Storage and Retrieval of Images in DBs: Learn Storage and Retrieval Techniques for Social Netwk Images

Image Storage and Retrieval in Databases

Ashwin Chavan (K00368506)

Arun Kumar Cheruku (K00380187)

A report submitted for the partial fulfillment

of the requirements of the course

Database Systems (CSEN 5314)

(Computer Science)

Texas A&M University, Kingsville

Spring 2016

Table of Contents

1. Introduction

2. Current Approaches

A. Storage in Binary form

B. Static/Dynamic Image Paths

3. Comparison of the approaches

4. Case Study – Facebook approach for large number of images

5. Conclusion

6. References

1. Introduction

With the advancement in hardware technology in the last decade, smartphones capable of taking high resolution, some even in High Definition resolution of 10180P or more, are now easily available in the market and for a fraction of the cost when compared to the prices a few years ago. Apart from smartphones, there are also various other devices available for capturing pictures, few of the prominent ones include GoPro and DSLR Cameras.

The growth of social networking in the last decade has been phenomenal. There are now various applications (companies) that provide social networking capabilities. The prominent ones include Facebook, Twitter, Instagram and Snapchat. The user base for these companies is growing exponentially.

One of the culmination of the above two trends is the increase in photo sharing habits of the user. The readily available apps for the above organizations, seamless integration with other photo-editing apps, lower costs of devices, integration of non-smartphone devices to social network apps have all contributed to extensive photo sharing activities by the user. The statistics for the same are jaw-dropping – Snapchat has 200 million users who share 8,796 photos per second! Facebook has 1.39 billion users and has 350 million photos posted per day, 4,501 per second! Instagram has 300 million users who post 70 million photos per day, 810 per second! With numbers like these, it becomes important to understand where and how the organizations are storing and retrieving these large numbers of images.

The obvious answer is Databases.
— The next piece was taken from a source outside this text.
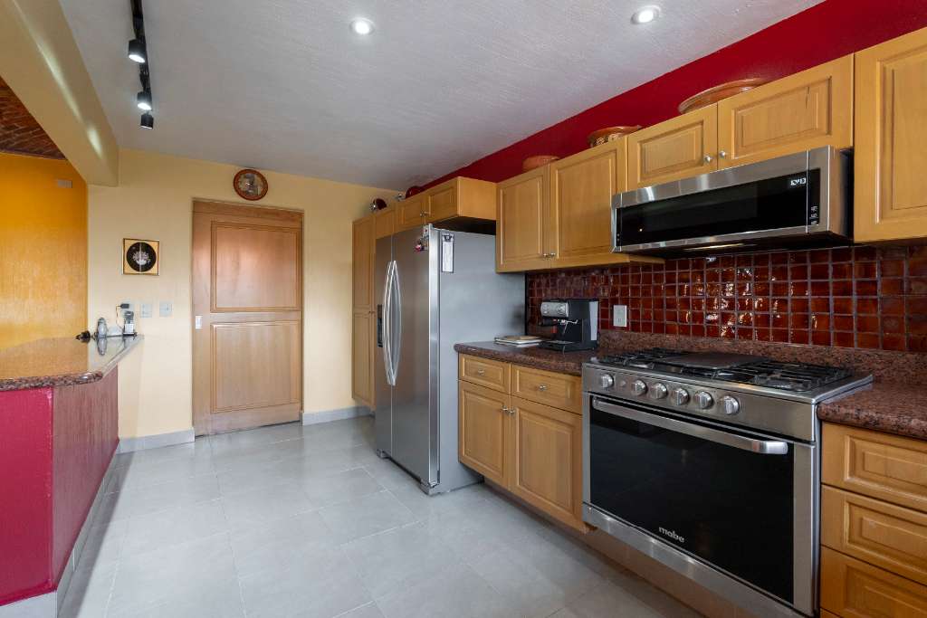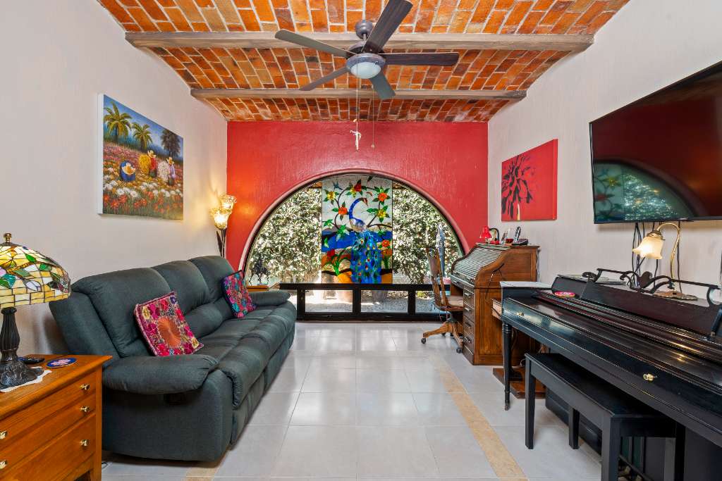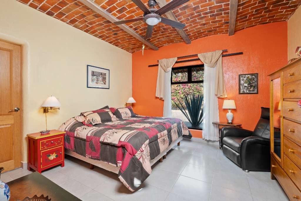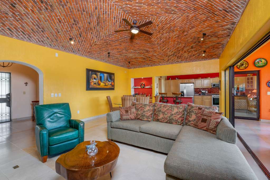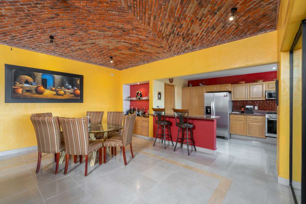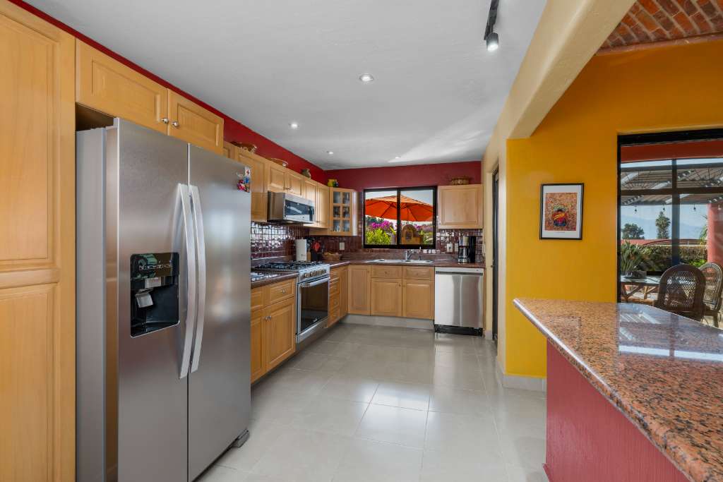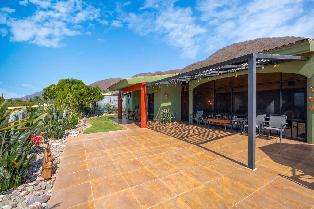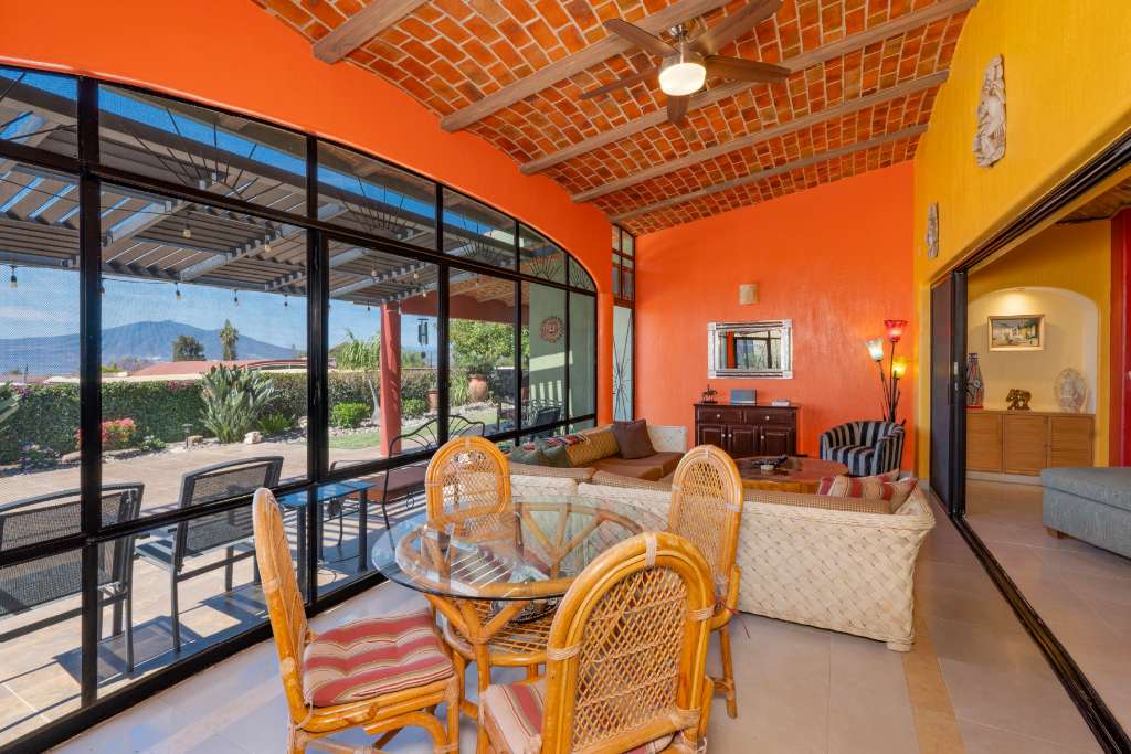 As you pass through the front foyer, you are welcomed to a large open space with a striking brick boveda ceiling. The kitchen, dining and living areas are all connected. There is a fireplace with a gas insert for the chilly winter evenings... The living space extends out into a large fully screened outdoor terrace allowing for year round enjoyment of the climate without any insects! From this main level there is a partial lake view and a view of the mountains.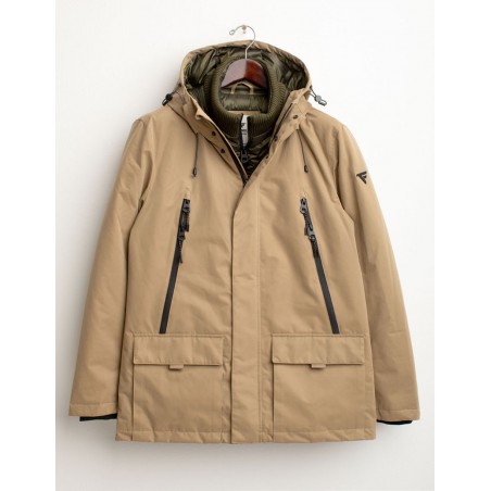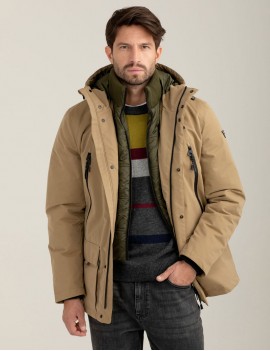 PARKA FRED MELLO FUNZIONALE E MODERNO, PROGETTATO PER OFFRIRE PROTEZIONE E COMFORT NELLE GIORNATE FREDDE. REALIZZATO IN TESSUTO MISTO CON INSERTI IN NYLON DUE TONI, PRESENTA UN DAVANTINO STACCABILE CHE NE AUMENTA LA VERSATILITÀ. COMPLETANO IL DESIGN I DETTAGLI LOGATI, LE TASCHE MULTIFUNZIONALI E LE FINITURE CURATE.

In this report, we’ll discuss the basics of how the images are stored and retrieved from the database, sample examples with code snippets, a brief overview of the pros and cons of each approach and finally, a case study of Facebook, to briefly illustrate their approach in storing large number of images.

2. Current Approaches

There are currently 2 approaches to storing images. They are

A. Storing Images as binary data in the database records.

B. Storing Image files in file system and storing their absolute/relative paths in the database records.

We take a look at each approach in brief detail in the following sections.

A. Storing Images as Binary Data

In this approach, the image is converted into binary form by the application, and this binary data is stored in the database records. The representation of binary data in Java is done by using the java.sql.Blob interface. BLOB is a built-in type that stores a Binary Large Object as a column value in a row of a database table. This object is valid for the duration of the transaction in which is created.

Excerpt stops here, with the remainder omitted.